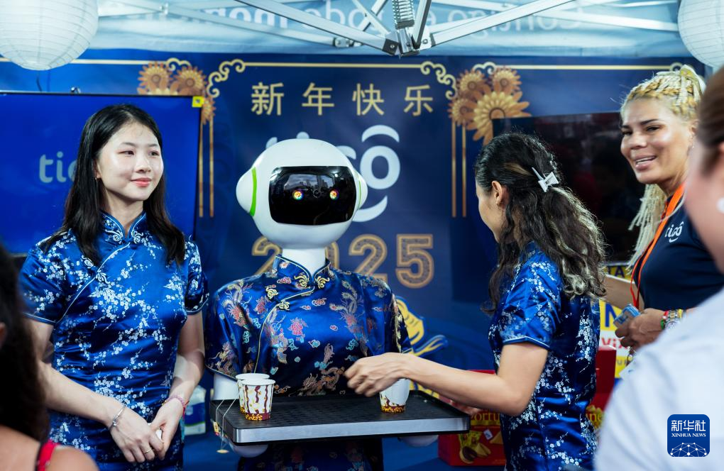 1月31日,在巴拿馬首都巴拿馬城的華僑華人歡樂(lè)春節(jié)廟會(huì)上,機(jī)器人為游客送上中國(guó)茶水。新華社記者 許詠政 攝
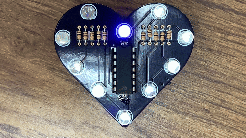 This concludes the LED Heart! We see the Aruino UNO (or other variant) in a new light and as it is meant to be - a development board. Then we explored options to program an ATtiny microcontroller to perform the same role as the Arduino UNO thus reducing cost, reducing area, and increasing overall efficiency.
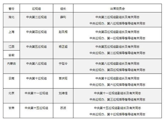 根据官方消息,目前,江西、湖北、上海、安徽、内蒙古、云南、北京和甘肃8省份已经迎来了中央巡视组。

▸ **AIM OF THE TASK**: Your task is to repeat the data above exactly while excluding the pictures.

▸ **ANSWER AREA**:
 1月31日,在巴拿馬首都巴拿馬城的華僑華人歡樂(lè)春節(jié)廟會(huì)上,機(jī)器人為游客送上中國(guó)茶水。新華社記者 許詠政 攝
 This concludes the LED Heart! We see the Aruino UNO (or other variant) in a new light and as it is meant to be - a development board. Then we explored options to program an ATtiny microcontroller to perform the same role as the Arduino UNO thus reducing cost, reducing area, and increasing overall efficiency.
 根据官方消息,目前,江西、湖北、上海、安徽、内蒙古、云南、北京和甘肃8省份已经迎来了中央巡视组。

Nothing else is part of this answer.